Millet is the ur-porridge. According to an excellent article in Wikipedia, it is not one seed at all, but the seeds of various plants around the world that are all raised and cooked the same way. It was cultivated 10,000 years ago, and it’s one of the seeds they found in the stomach of the Iron Age (about 500 BCE) bog bodies in Jutland, Seamus Heaney mentions the seeds in stomach in his poem on Tollund Man. it was the staple of many cultures before maize was imported from the Western Hemisphere, and it is still a staple of millions of people today in Africa and Asia, and the porridge is a common food for weaning.
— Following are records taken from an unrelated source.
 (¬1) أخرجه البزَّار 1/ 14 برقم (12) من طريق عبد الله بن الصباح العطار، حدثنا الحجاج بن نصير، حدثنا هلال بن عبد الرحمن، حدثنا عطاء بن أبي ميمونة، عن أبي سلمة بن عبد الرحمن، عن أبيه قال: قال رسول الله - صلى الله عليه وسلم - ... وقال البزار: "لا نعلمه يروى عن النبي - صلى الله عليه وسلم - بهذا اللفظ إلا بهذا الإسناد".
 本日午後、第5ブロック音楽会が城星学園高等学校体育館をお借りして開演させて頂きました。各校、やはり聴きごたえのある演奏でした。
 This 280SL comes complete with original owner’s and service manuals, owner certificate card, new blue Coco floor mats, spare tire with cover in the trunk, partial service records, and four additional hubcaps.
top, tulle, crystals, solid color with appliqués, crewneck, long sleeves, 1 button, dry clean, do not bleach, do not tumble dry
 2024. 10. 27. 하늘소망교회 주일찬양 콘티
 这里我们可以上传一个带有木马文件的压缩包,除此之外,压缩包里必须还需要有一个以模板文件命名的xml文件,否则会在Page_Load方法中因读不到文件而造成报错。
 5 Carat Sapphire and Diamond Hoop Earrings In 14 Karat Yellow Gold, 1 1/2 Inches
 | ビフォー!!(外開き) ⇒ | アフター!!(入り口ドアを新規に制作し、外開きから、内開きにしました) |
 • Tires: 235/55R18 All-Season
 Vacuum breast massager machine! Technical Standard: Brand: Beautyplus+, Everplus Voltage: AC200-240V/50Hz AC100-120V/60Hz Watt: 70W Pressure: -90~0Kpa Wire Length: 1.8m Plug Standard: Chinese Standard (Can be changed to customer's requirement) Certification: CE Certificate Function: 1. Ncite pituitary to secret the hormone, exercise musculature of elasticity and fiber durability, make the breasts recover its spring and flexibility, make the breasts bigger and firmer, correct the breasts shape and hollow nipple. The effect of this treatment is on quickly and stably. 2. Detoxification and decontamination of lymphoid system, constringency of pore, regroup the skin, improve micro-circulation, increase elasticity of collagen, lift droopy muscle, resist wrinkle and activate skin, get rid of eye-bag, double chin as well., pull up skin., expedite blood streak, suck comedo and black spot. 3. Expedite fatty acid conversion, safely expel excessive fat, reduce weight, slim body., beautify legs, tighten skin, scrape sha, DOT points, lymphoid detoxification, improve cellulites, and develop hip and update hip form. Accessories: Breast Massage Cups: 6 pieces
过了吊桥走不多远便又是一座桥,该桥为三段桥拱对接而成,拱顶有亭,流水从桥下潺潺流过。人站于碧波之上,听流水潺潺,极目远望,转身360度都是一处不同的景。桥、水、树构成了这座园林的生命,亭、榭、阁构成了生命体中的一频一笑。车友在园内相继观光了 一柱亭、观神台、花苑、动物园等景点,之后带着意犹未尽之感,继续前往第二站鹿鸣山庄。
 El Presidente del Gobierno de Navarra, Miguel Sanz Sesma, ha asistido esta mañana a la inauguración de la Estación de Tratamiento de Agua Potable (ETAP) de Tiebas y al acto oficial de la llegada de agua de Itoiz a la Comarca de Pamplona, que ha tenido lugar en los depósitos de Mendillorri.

Clare across the street told me that when she was in Senegal, she ate a porridge made from green millet (rather than the yellow kind we get in the UK) every day. Recently Carolyn Phillips reported on a simple Chinese version that is a lot like congee.
I based my rather more fancy porridge on a recipe based on that from Lizzie’s Kitchen at WholeFoodMatters. The principle of this and related seed porridges seems to be cooking the grains first, and then adding more liquid.
¼ cup millet grain
½ cup water
¼ cup chopped apricots
¼ cup chopped dates
toasted sunflower seeds
toasted pumpkin seeds
1 cup soy milk
[Lizzie’s Kitchen also added some maple syrup]
I rinsed the millet in a sieve, and cooked it in the water for fifteen minutes until the water was absorbed, and then fluffed it with a fork. Then I added the other ingredients and cooked it for fifteen minutes more, in the double boiler. It turned into a rather thick but tasty mound.
It doesn’t seem to me to be as pleasantly filling as oatmeal. Tess showed an interest, because she had liked millet porridge in Finland, but this wasn’t at all what she had in mind, since it looks more like a dinner side dish than a breakfast porridge. I’ll look for some millet meal and see if that reproduces better what she remembers.
Feasts and Fotos has a very similar recipe for quinoa, cooking it first (or using leftover cooked quinoa). There is a nice touch of a teaspoon of yoghurt at the end, which does make it smoother and more porridge-like.